Furry conventions grew out of science fiction conventions.  The Furry Parties at various cons in the 1980's led to ConFURence.  Midwest FurFest started as an offshoot of the furry track at DucKon.
I have been attending Loscon since 1983 and intend to do so again this weekend.  How many modern furry fans also go to SF cons?


----------



## bhutrflai (Nov 21, 2016)

Hello! My mate, Okami_No_Heishi, & I actually found furries at Momocon this past May. We have always been sci-fi geeks, but neither of us had ever heard anything about the furries before. We want to go to Dragoncon, hopefully 2017, but we already have tix for Momo. And if Okami has his way, we will be going to FWA too. 

We love to cosplay as Space Pirates, at Renfest too, so of course okami wants a partial suit.


----------



## DuranWolf (Nov 21, 2016)

bhutrflai said:


> Hello! My mate, Okami_No_Heishi, & I actually found furries at Momocon this past May. We have always been sci-fi geeks, but neither of us had ever heard anything about the furries before. We want to go to Dragoncon, hopefully 2017, but we already have tix for Momo.
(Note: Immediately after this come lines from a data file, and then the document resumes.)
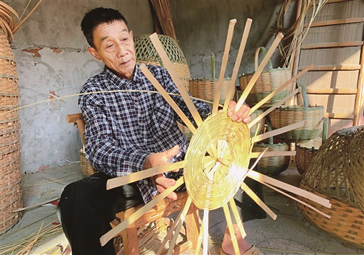 9月11日,汨罗市川山坪镇玉池山村,73岁的村民陈金阳在家中编织竹筐。湖南日报记者 徐行 摄
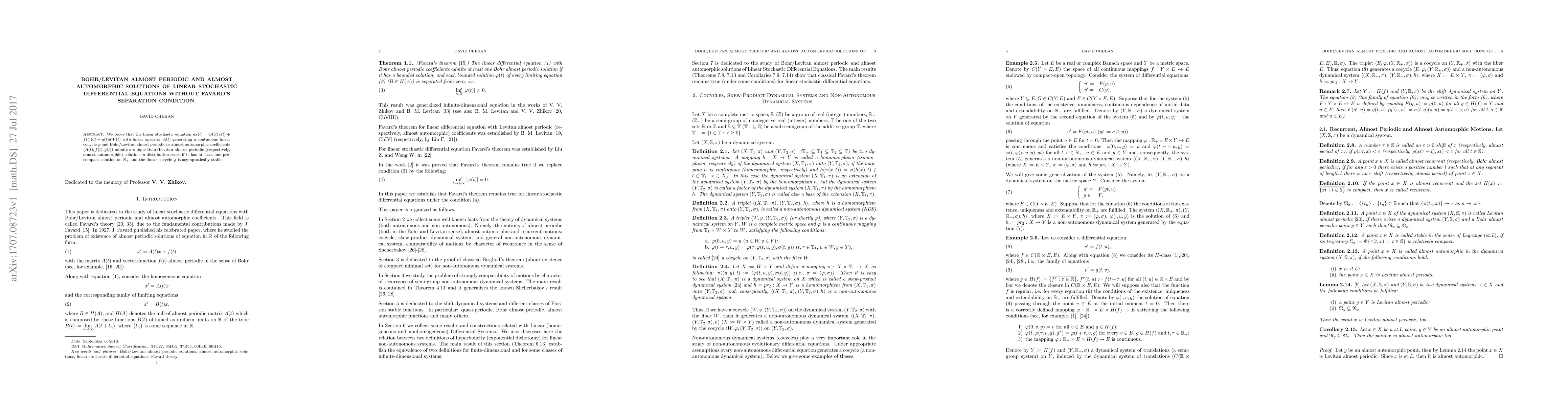 This paper proves the existence of unique Bohr/Levitan almost periodic or almost automorphic solutions in the distribution sense for linear stochastic differential equations without the Favard separation condition, provided that the linear cocycle is asymptotically stable and there is at least one precompact solution.
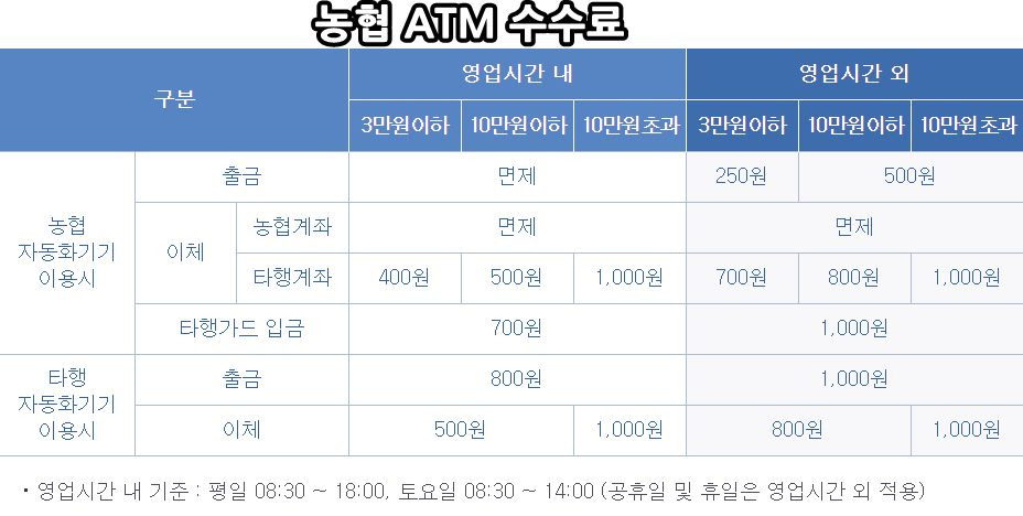 A: 농협은행 고객이 농협 ATM을 이용할 때는 대부분 무료입니다. 하지만 타행 ATM 이용이나 영업시간 외 이용 시 수수료가 발생할 수 있습니다.
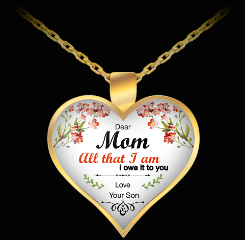 The necklace will make an ideal present that your mother can keep and remember for many years. Its heart-shaped pendant conveys the words: “Dear Mom, all that I am I owe it to you, Love Your Son.” As such, it enables you to share a symbol of your emotional connection with your mother without struggling to put the feeling into words yourself!
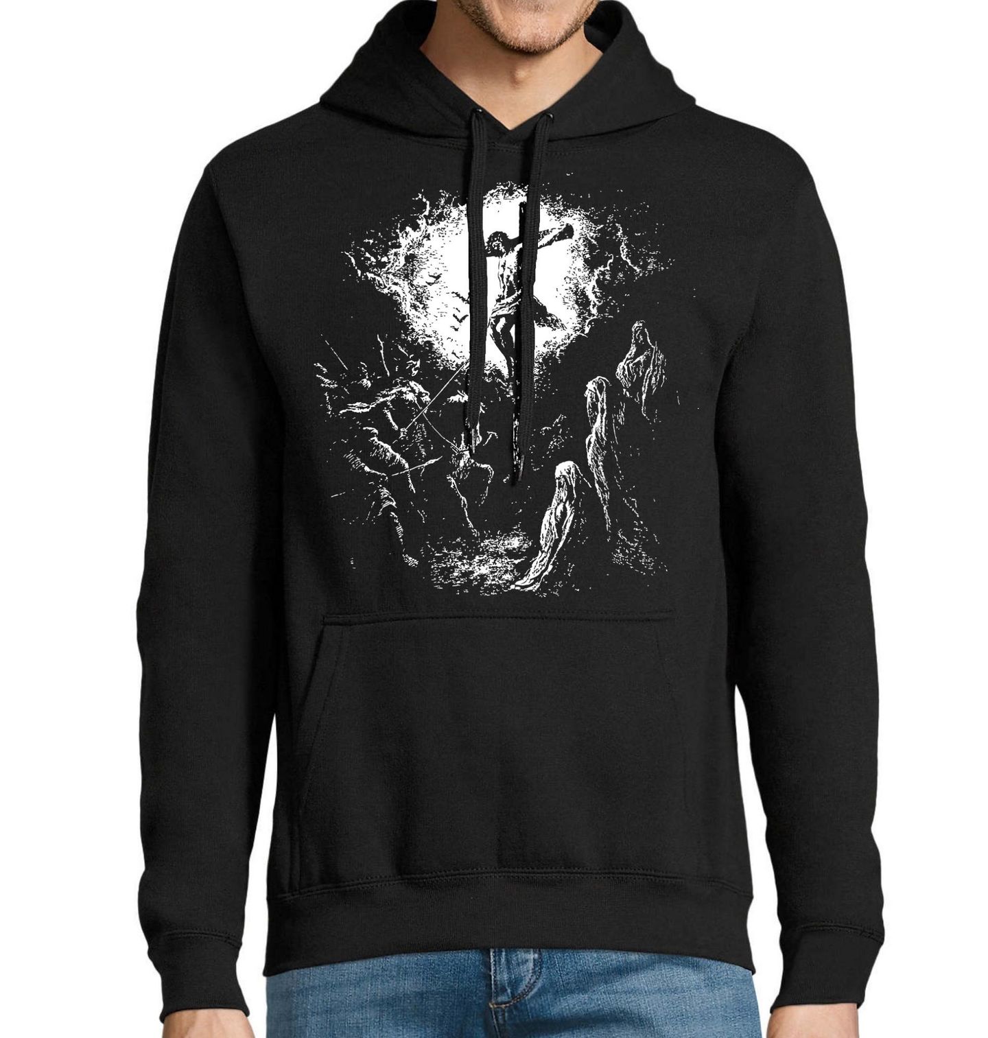 Pánská mikina Ukřižování Ježíše Krista. Silný design zobrazuje ukřižovanou postavu obklopenou dramatickými prvky a kontrastem světla a temnoty. Motiv symbolizuje víru, oběť a duchovní hloubku. Tento design osloví milovníky symboliky a výrazného uměleckého stylu.

And if Okami has his way, we will be going to FWA too.
> 
> We love to cosplay as Space Pirates, at Renfest too, so of course okami wants a partial suit.


And you two must come to Midwest Furfest next year.


----------



## Keefur (Feb 27, 2017)

I go to Mid-South Con and have been there in fursuit before.  It is in Memphis, TN in March.


----------